15.7 EBS Performance: IOPS, Throughput, and the Nitro System

Right, let’s talk about making your EBS volumes go fast. Because if you just pick a size and hope for the best, you’re going to have a bad time. Performance here boils down to two things you’re constantly balancing: IOPS (Input/Output Operations Per Second) and Throughput (MB/s). Think of IOPS as how many times you can knock on a door, and throughput as how much stuff you can shove through it once it’s open. A tiny, rapid-fire knock isn’t moving a sofa.

The Performance Levers: IOPS, Throughput, and Size

EBS gives you two main volume families: the general-purpose workhorse (gp3) and the provisioned-performance thoroughbred (io2/io1). For decades, gp2 was the default, and its performance was tied directly to its size in GiB. This was, frankly, a bizarre design choice. Want more performance? You had to pay for more storage you didn’t need. Thank goodness gp3 fixed this.

With gp3, performance is decoupled. You get a baseline of 3,000 IOPS and 125 MB/s, and you can provision more IOPS and throughput independently of the volume size. Need 10,000 IOPS on a 50 GiB volume? You can do that. This is how it should have always worked.

The io2/io1 volumes are for when you have a serious database or other IO-intensive workload. You directly provision the IOPS you need (up to a frankly silly 256,000 IOPS on an io2 Block Express volume), and you pay for that performance.

Here’s the reality check: your chosen EC2 instance type has its own network bandwidth limits.

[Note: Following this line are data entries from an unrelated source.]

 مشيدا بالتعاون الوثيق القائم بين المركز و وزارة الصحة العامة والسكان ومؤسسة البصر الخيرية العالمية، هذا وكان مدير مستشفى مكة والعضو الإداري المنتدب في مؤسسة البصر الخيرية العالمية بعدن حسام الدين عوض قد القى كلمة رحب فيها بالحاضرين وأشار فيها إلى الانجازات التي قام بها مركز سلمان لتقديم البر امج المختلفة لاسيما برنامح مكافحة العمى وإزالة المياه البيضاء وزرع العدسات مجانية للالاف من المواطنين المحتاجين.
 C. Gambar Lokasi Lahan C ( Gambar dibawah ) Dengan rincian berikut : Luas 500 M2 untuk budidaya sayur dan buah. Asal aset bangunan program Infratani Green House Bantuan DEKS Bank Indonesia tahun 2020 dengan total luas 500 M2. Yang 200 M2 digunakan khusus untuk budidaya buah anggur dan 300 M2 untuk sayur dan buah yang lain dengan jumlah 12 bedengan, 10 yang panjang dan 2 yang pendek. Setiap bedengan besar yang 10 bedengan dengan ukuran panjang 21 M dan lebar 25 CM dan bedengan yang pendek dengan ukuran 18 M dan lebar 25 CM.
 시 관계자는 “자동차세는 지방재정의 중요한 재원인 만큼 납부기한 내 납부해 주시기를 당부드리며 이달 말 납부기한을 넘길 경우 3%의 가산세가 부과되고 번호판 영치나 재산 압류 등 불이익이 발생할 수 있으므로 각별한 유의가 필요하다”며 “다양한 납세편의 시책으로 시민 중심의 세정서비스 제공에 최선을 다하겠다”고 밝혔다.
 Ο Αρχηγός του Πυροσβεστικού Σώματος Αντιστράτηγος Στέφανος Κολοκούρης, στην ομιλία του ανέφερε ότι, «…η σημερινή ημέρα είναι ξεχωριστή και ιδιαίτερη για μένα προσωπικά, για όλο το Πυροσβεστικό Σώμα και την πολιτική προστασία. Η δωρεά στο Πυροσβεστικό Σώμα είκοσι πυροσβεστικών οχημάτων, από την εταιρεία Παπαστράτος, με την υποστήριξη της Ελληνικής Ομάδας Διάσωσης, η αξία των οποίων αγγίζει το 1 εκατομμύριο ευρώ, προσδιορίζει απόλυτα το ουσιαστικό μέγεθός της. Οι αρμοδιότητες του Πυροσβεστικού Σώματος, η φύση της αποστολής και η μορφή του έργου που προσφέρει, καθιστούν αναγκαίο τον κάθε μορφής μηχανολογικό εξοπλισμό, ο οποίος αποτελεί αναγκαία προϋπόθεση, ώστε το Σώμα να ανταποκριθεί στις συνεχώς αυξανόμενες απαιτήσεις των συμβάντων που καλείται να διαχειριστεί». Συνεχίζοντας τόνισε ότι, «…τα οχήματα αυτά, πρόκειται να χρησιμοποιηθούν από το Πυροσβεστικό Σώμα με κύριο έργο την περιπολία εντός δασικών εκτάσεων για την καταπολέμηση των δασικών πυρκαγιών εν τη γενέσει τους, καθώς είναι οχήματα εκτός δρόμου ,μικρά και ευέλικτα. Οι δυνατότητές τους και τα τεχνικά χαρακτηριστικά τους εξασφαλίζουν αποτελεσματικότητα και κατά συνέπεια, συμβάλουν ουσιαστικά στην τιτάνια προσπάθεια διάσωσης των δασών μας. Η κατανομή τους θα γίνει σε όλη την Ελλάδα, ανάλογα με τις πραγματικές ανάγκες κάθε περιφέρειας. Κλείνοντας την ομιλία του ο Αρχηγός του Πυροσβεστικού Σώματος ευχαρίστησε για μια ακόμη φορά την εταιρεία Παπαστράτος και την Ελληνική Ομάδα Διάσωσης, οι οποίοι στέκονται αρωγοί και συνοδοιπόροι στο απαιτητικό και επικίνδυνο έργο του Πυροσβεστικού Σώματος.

You can provision a volume capable of 4,000 MB/s, but if you attach it to a t3.micro, you’re going to get t3.micro performance. The instance is the chokepoint.

Let’s see how you check this in practice. This AWS CLI command shows you the performance limits of your instance.

# Describe your instance type's capabilities. Replace with your actual instance type.
aws ec2 describe-instance-types --instance-types m5dn.8xlarge --query "InstanceTypes[0].EbsInfo"

Look for "EbsOptimizedThroughput" (MB/s) and "EbsOptimizedIops" (IOPS) in the output. Your aggregate EBS performance across all volumes cannot exceed these limits.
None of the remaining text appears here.